Disability hinders a person’s capability to work, thus restricting their earning potential either completely or partially. Therefore, the question that whether such individuals qualify for unemployment benefits is quite a valid one. However, the reason disabled personnel is often denied these benefits is that they are already entitled to Social Security Disability Insurance (SSDI) by the State.
However, because of the pandemic, there has been a relaxation in the rules which has eased simultaneous gain of benefits under the heads of SSDI and Unemployment. Covid-19 has affected the livelihoods of many people, therefore the Coronavirus Aid Relief and Economic Security (CARES) Act was established. This Act extended the boundaries of eligibility criteria regarding unemployment aid.
Although before the pandemic it was not impossible, neither illegal to obtain both the benefits at the same time, but it was generally very difficult to qualify for one if you were already receiving the other. The reason being that categorizing as an “unemployed individual” reflects the fact that you are out of work but willing and able to resume as soon as you find a job, whereas qualifying for “disability benefits” generally means that one is unable to work and must therefore be compensated. Thus, the individual rightfully needed to justify his/her case explaining why they were eligible for both forms of aid if they wished to apply for dual benefits.
Partially disabled individuals might be able to work for lesser hours or perform limited tasks, thus SSDI encourages such people to work part-time if they come across any opportunity matching their ability. Disabled personnel is eligible for receiving SSDI benefits along with their earnings until and unless they are not involved in “substantial gainful activity”. Substantial gainful activity is defined by Social Security as any activity that allows your income to exceed $1260/month.
This scenario might be one example where unemployment benefits can be availed alongside SSDI. However, the laws in some US states deprived disabled individuals of this opportunity by including the condition that to be eligible for unemployment benefits, one must be available for resuming full-time work as soon as it becomes available.
The CARES Act passed on 27th March 2020, emerged as a ray of hope with the introduction of programs such as the Pandemic Unemployment Assistance (PUA) which provides unemployment benefits to those who previously might not have qualified for them, including disabled part-time employees who earn less than a certain amount. Furthermore, receiving these benefits won’t have any effect on the beneficiary’s SSDI as unemployment-related assistance won’t be counted as one’s income, and hence not included in the substantial gainful activity.
The need for simultaneously granting benefits under the heads of SSDI and Unemployment, Covid-19 and its adverse impact on the financial condition of families, and the lay-offs it has resulted in, seem to be disregarded by certain states like Wisconsin, which denied unemployment benefits to beneficiaries of SSDI who lost their part-time jobs during the pandemic.

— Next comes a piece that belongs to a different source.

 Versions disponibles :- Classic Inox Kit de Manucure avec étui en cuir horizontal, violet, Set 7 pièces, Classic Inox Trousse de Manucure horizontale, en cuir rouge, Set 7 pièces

North Carolina held a similar stance but allowed the receipt of unemployment benefits to beneficiaries of SSDI in March 2020 after PUA was announced under the federal CARES Act.

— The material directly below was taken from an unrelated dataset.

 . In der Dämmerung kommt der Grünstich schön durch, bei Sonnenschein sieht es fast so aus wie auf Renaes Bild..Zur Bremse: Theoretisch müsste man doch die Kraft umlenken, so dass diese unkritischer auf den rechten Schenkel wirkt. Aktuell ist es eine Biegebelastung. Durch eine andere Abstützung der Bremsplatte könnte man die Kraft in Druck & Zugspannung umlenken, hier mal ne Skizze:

Besides PUA, the CARES Act also introduced other programs to assist the unemployed during tough financial times brought about by Covid-19. Below is a summary of the popular modes of assistance this Act announced and the recent amendments made to these programs.
3 Main Unemployment Assistance Programs launched under the CARES Act
Pandemic Unemployment Assistance (PUA)
This program provides financial assistance to individuals who have lost their job or whose earnings fall below a certain limit, but are ineligible for receiving unemployment benefits under pre-existing state laws due to reasons such as insufficient work experience, or pursuing part-time jobs.
Under the PUA program, such individuals may qualify for receiving aid after Covid-19 if the cause of their unemployment or reduced earning ability matches one of the reasons listed in the CARES Act. This is the very program that has allowed many SSID beneficiaries to qualify for unemployment benefits.
Originally, PUA benefits were only announced to last till December 2021 but after the sanctioning of the American Rescue Plan Act of 2021 (ARPA), which was signed on March 11, 2021, these benefits have been extended till September 6, 2021.
Federal Pandemic Unemployment Compensation (FPUC)
FPUC announced an additional $600/week payment to recipients of PUA as well as to those who qualified for unemployment benefits before the announcement of PUA to help them respond to the deteriorating economic condition. This program was to end on July 31, 2020, but, just like PUA, it has been extended under the American Rescue Plan. However, the amount to be granted has been reduced to $300/week.
Pandemic Emergency Unemployment Benefits (PEUB)
Besides the two above-mentioned programs, the CARES Act also extended the eligibility period for regular unemployment benefits by 13 weeks under the Pandemic Emergency Unemployment Benefits (PEUB). Even these have been extended up to 53 weeks under ARPA and the program like all others is now expected to last till September 6, 2021.
Besides these three programs, the CARES Act launched many other incentives concerning Covid-19 such as granting the state’s funding to promote work-share programs instead of lay-offs. Although the CARES program was the government’s initial response to the pandemic, ARPA is the recent and revised version of unemployment and other benefits you may be entitled to receive given the ongoing waves of Covid-19.